• **Exercise**
Return the records that follow unaltered. Omit every picture.
---- Data in this exercise
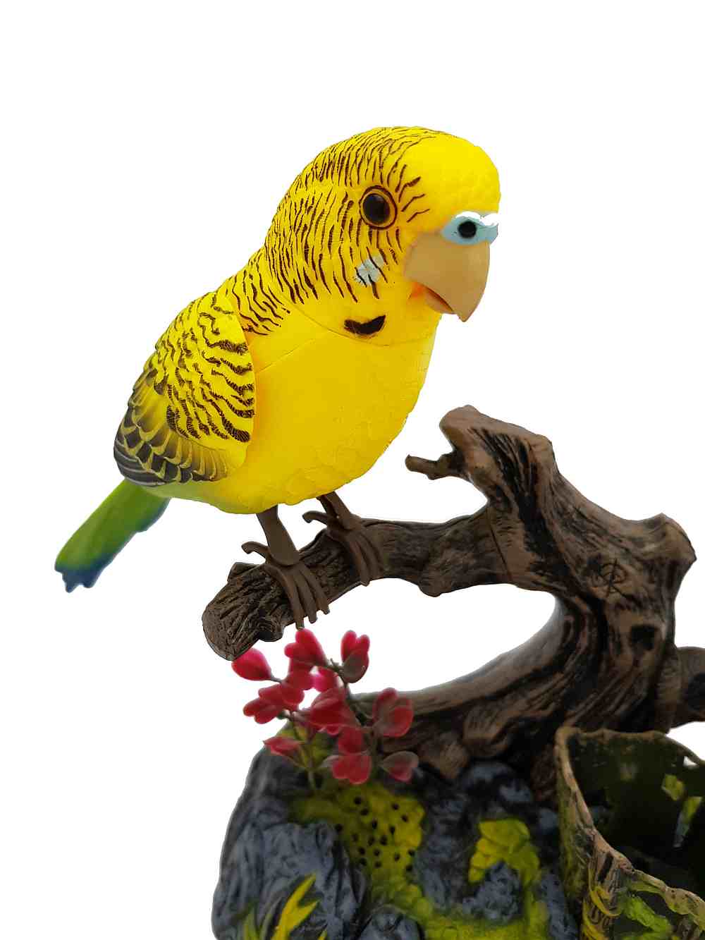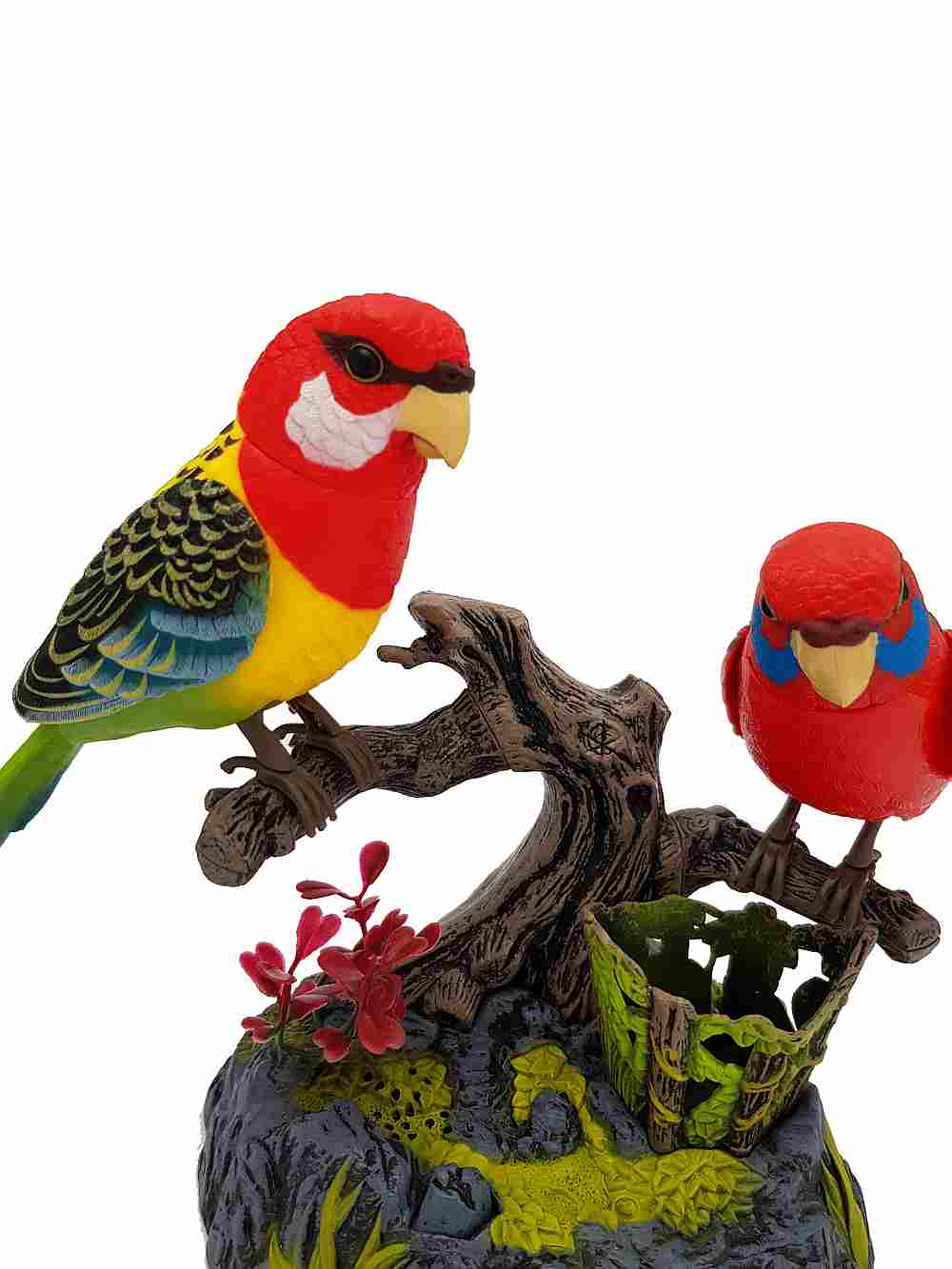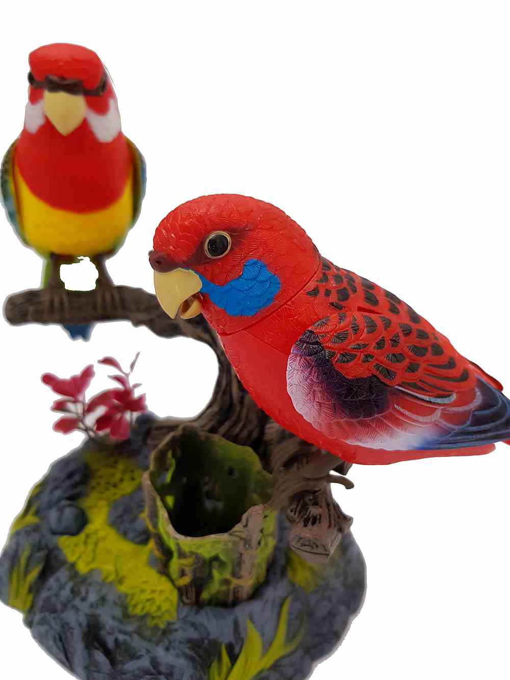 These parrot birds magically come alive whenever you clap your hands or make any sound. Standing on pen holder rock and log, the birds will sing, chirp, and talk in a wonderful voice and move their beak, neck, body, and wings in a realistic fashion.
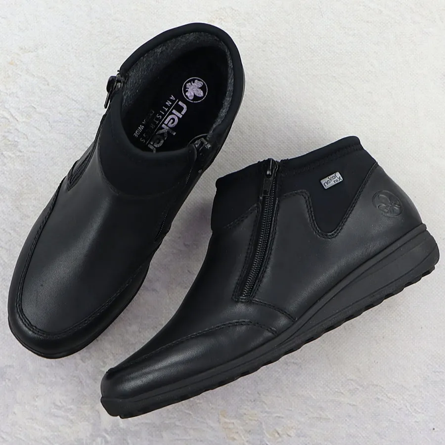 Skórzane wodoodporne botki damskie komfortowe czarne Rieker 47270-00
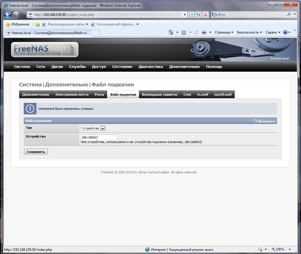 Теперь подключим раздел подкачки, несмотря на то, что программа установки его создает, автоматически он не монтируется. Переходим Система - Дополнительно - Файл подкачки, ставим галочку Включить, тип - устройство. В качестве устройства указываем существующий раздел подкачки, как мы установили - это третий раздел первого диска, следовательно полное наименование раздела будет da0s3, а полный путь /dev/da0s3.
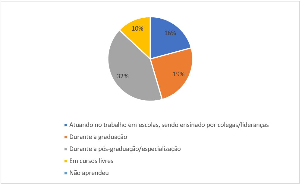 Na quinta e última seção do questionário, os respondentes foram perguntados sobre as normas da série ISO para a gestão de qualidade. Questionados sobre o momento de sua formação em que tiveram contato com normas da série ISO relativas à gestão de qualidade, 26% afirmaram que tiveram contato fora do ambiente acadêmico; 10%, em cursos livres; e 16%, atuando no mercado de trabalho. Outros 23% não tinham conhecimento sobre as normas de gestão (Figura 6).
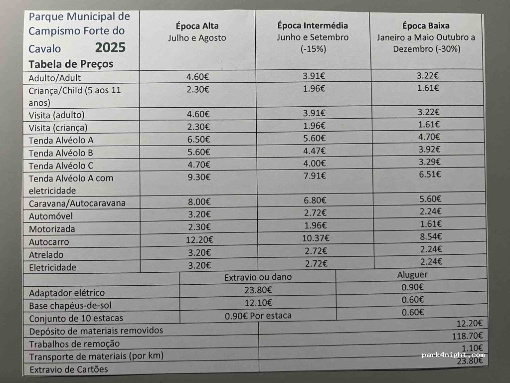 5.60€ - 8€/camper + 3.228 - 4.60€/ adult
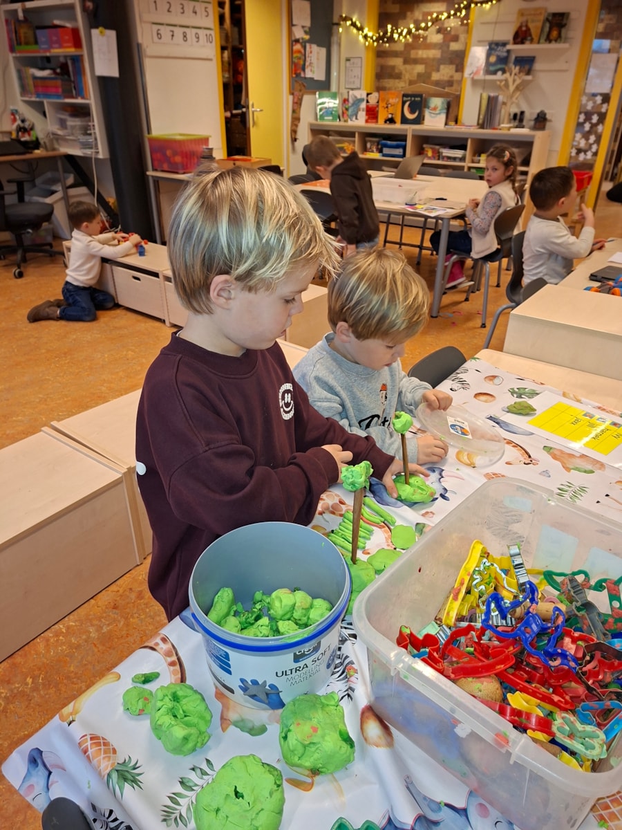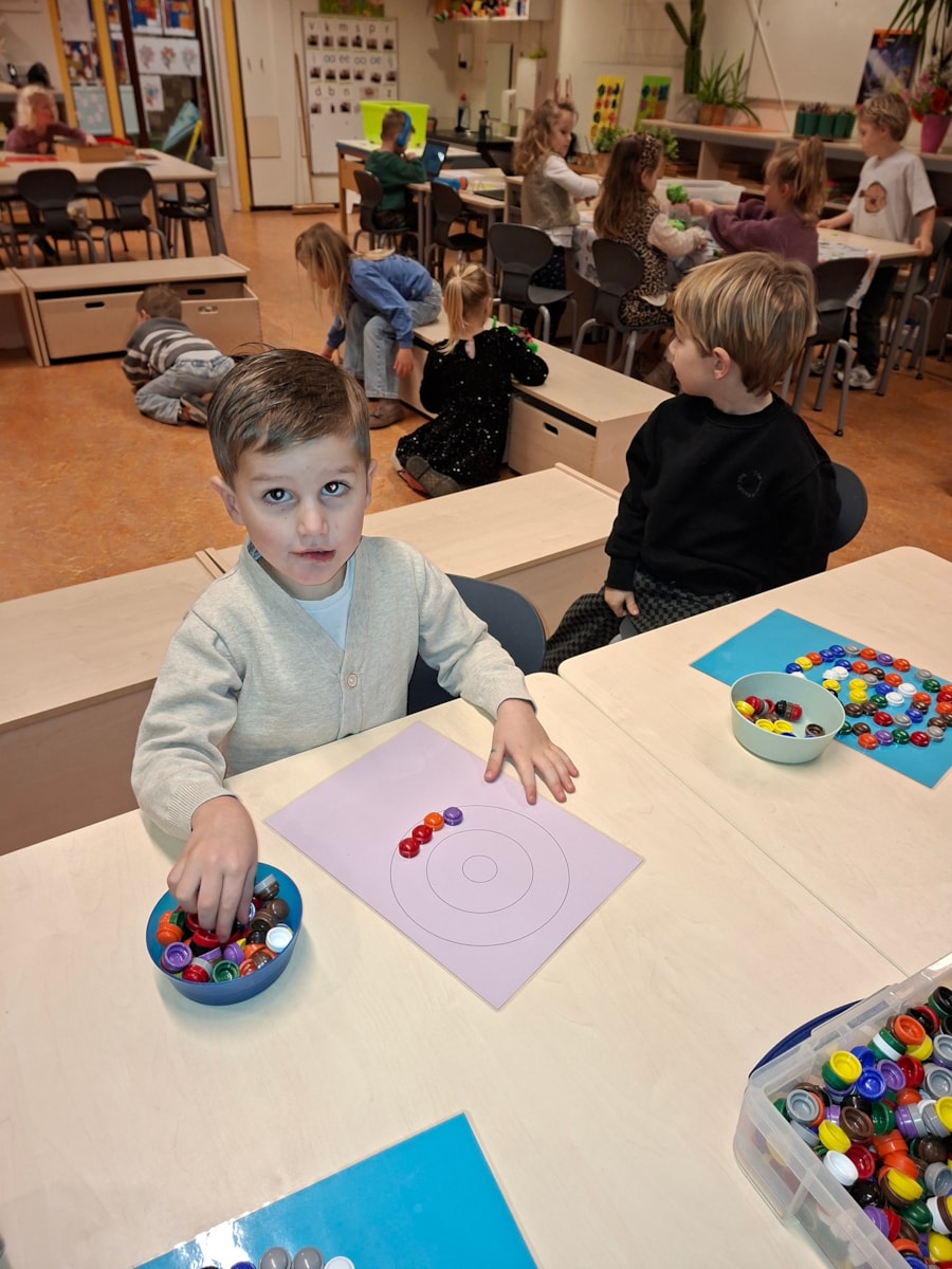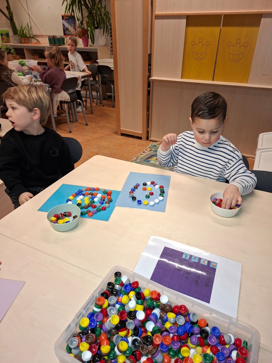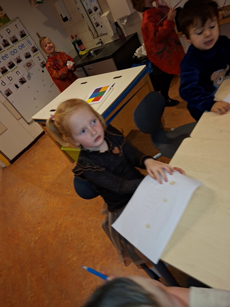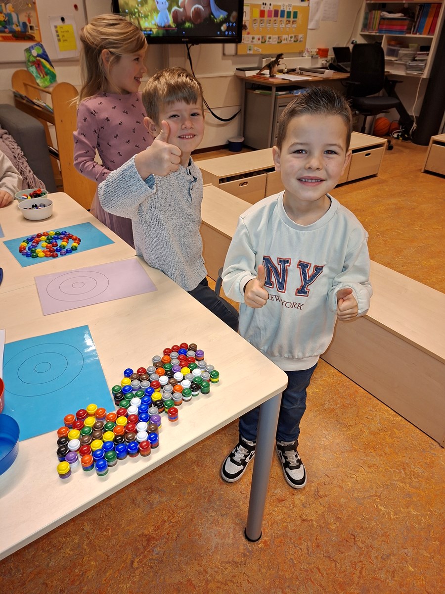 In de klas hebben we ook een bak met zand op de lichttafel. Je kan ook met zand kunstwerken maken. Ook een goede oefening voor de fijn motoriek. Met dopjes hebben we ook ronde kunstwerken gemaakt. Je legt de dopje op de cirkels en er ontstaan een mooi werk. Ook beeldhouwen is aan de orde gekomen. Vorige week waren we zelf nog standbeelden, deze week hebben de kinderen van klei beelden gemaakt.
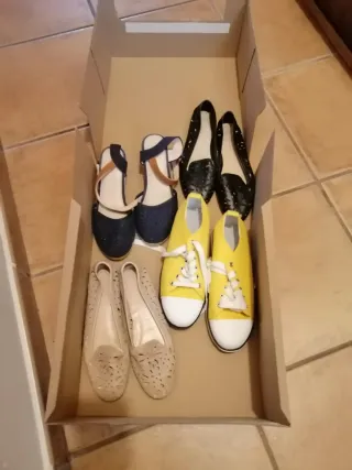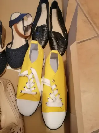 Lote de cuatro pares de zapatos variados. - Un par de zapatillas deportivas amarillas con cordones blancos. - Un par de zapatos planos negros con detalle de tachuelas. - Un par de sandalias azules con tiras. - Un par de zapatos planos beige calados.
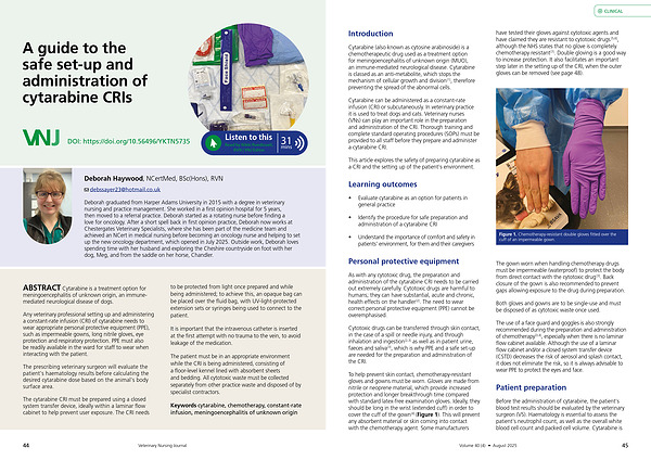 Any veterinary professional setting up and administering a constant-rate infusion( CRI) of cytarabine needs to wear appropriate personal protective equipment( PPE), such as impermeable gowns, long nitrile gloves, eye protection and respiratory protection. PPE must also be readily available in the ward for staff to wear when interacting with the patient.
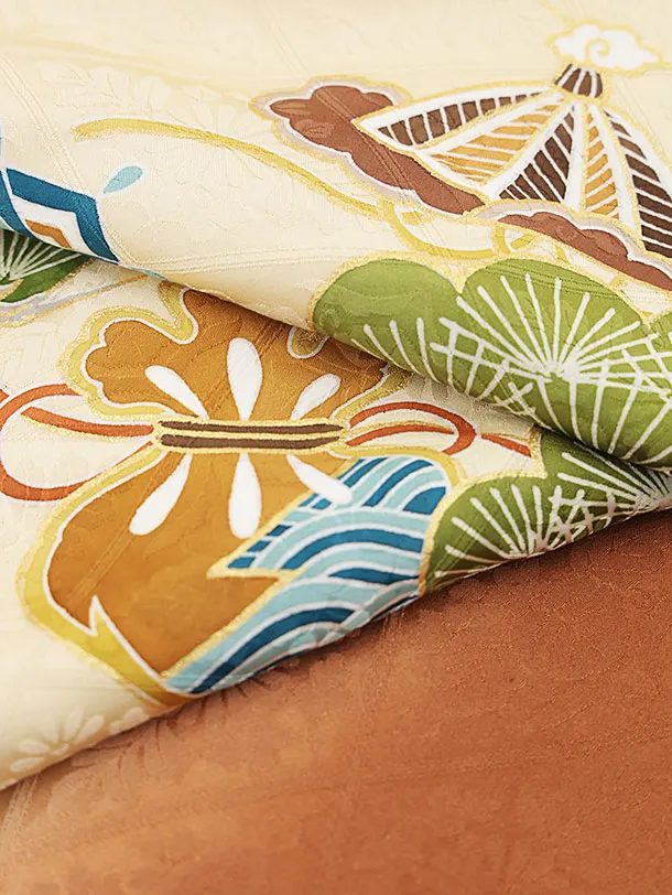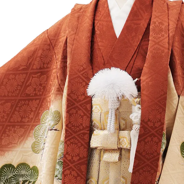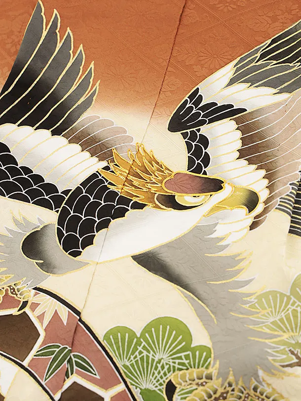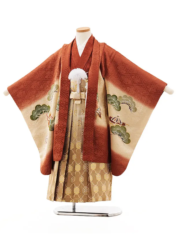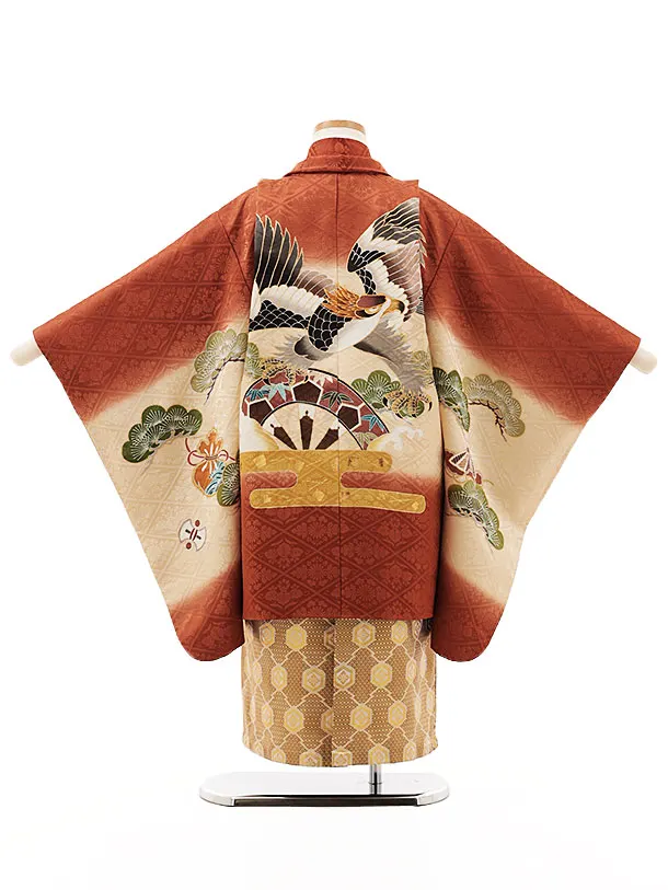 七五三(5歳男袴)X344【正絹】唐茶色鷹に吉祥文様×金茶ぼかし
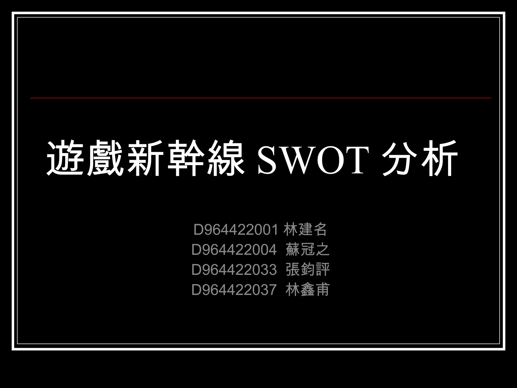 遊戲新幹線是智冠集團的子公司,擁有多種遊戲代理,且營收高。面對需要支付高額代理金的弱勢,遊戲新幹線積極向中國市場拓展,以應對市場機會。然而,該市場的競爭與高成本也帶來威脅。
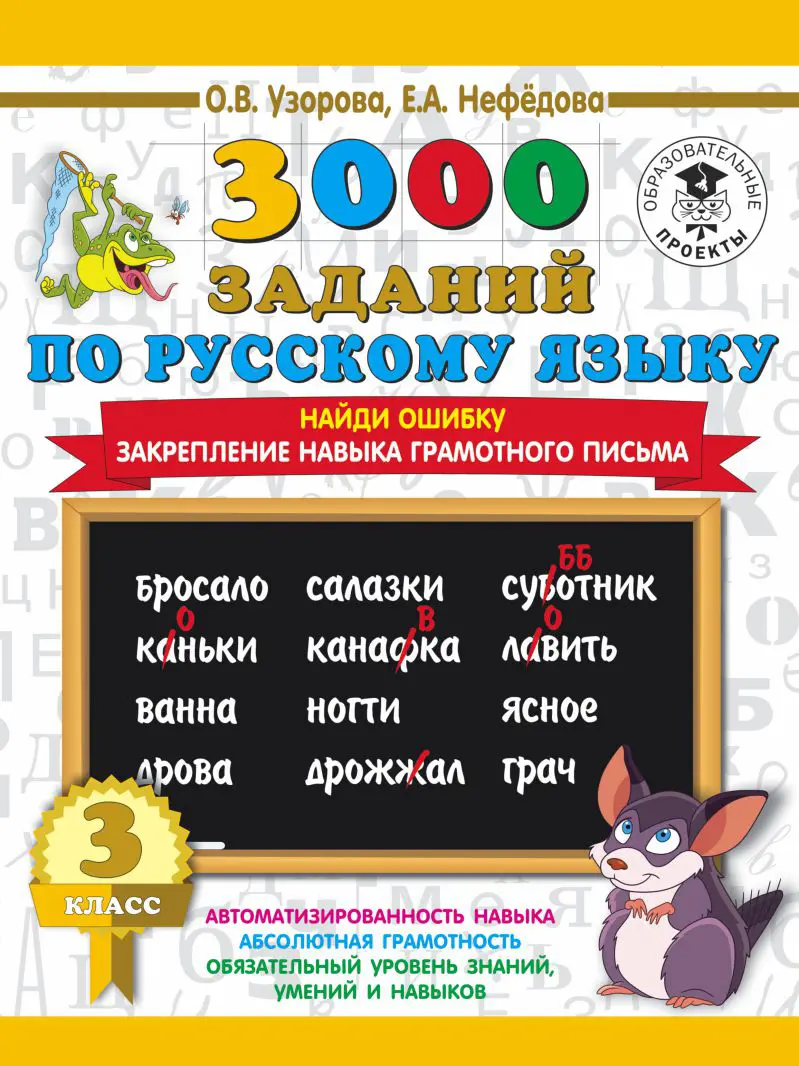 Пособие содержит 12 блоков примеров по всем основным темам программы по русскому языку для 3 класса. Задачи учащихся - найти и исправить орфографические ошибки в словах, что поможет им отработать и закрепить навыки грамотного письма.
--------
• **Response to this exercise**
 These parrot birds magically come alive whenever you clap your hands or make any sound. Standing on pen holder rock and log, the birds will sing, chirp, and talk in a wonderful voice and move their beak, neck, body, and wings in a realistic fashion.
 Skórzane wodoodporne botki damskie komfortowe czarne Rieker 47270-00
 Теперь подключим раздел подкачки, несмотря на то, что программа установки его создает, автоматически он не монтируется. Переходим Система - Дополнительно - Файл подкачки, ставим галочку Включить, тип - устройство. В качестве устройства указываем существующий раздел подкачки, как мы установили - это третий раздел первого диска, следовательно полное наименование раздела будет da0s3, а полный путь /dev/da0s3.
 Na quinta e última seção do questionário, os respondentes foram perguntados sobre as normas da série ISO para a gestão de qualidade. Questionados sobre o momento de sua formação em que tiveram contato com normas da série ISO relativas à gestão de qualidade, 26% afirmaram que tiveram contato fora do ambiente acadêmico; 10%, em cursos livres; e 16%, atuando no mercado de trabalho. Outros 23% não tinham conhecimento sobre as normas de gestão (Figura 6).
 5.60€ - 8€/camper + 3.228 - 4.60€/ adult
 In de klas hebben we ook een bak met zand op de lichttafel. Je kan ook met zand kunstwerken maken. Ook een goede oefening voor de fijn motoriek. Met dopjes hebben we ook ronde kunstwerken gemaakt. Je legt de dopje op de cirkels en er ontstaan een mooi werk. Ook beeldhouwen is aan de orde gekomen. Vorige week waren we zelf nog standbeelden, deze week hebben de kinderen van klei beelden gemaakt.
 Lote de cuatro pares de zapatos variados. - Un par de zapatillas deportivas amarillas con cordones blancos. - Un par de zapatos planos negros con detalle de tachuelas. - Un par de sandalias azules con tiras. - Un par de zapatos planos beige calados.
 Any veterinary professional setting up and administering a constant-rate infusion( CRI) of cytarabine needs to wear appropriate personal protective equipment( PPE), such as impermeable gowns, long nitrile gloves, eye protection and respiratory protection. PPE must also be readily available in the ward for staff to wear when interacting with the patient.
 七五三(5歳男袴)X344【正絹】唐茶色鷹に吉祥文様×金茶ぼかし
 遊戲新幹線是智冠集團的子公司,擁有多種遊戲代理,且營收高。面對需要支付高額代理金的弱勢,遊戲新幹線積極向中國市場拓展,以應對市場機會。然而,該市場的競爭與高成本也帶來威脅。
 Пособие содержит 12 блоков примеров по всем основным темам программы по русскому языку для 3 класса. Задачи учащихся - найти и исправить орфографические ошибки в словах, что поможет им отработать и закрепить навыки грамотного письма.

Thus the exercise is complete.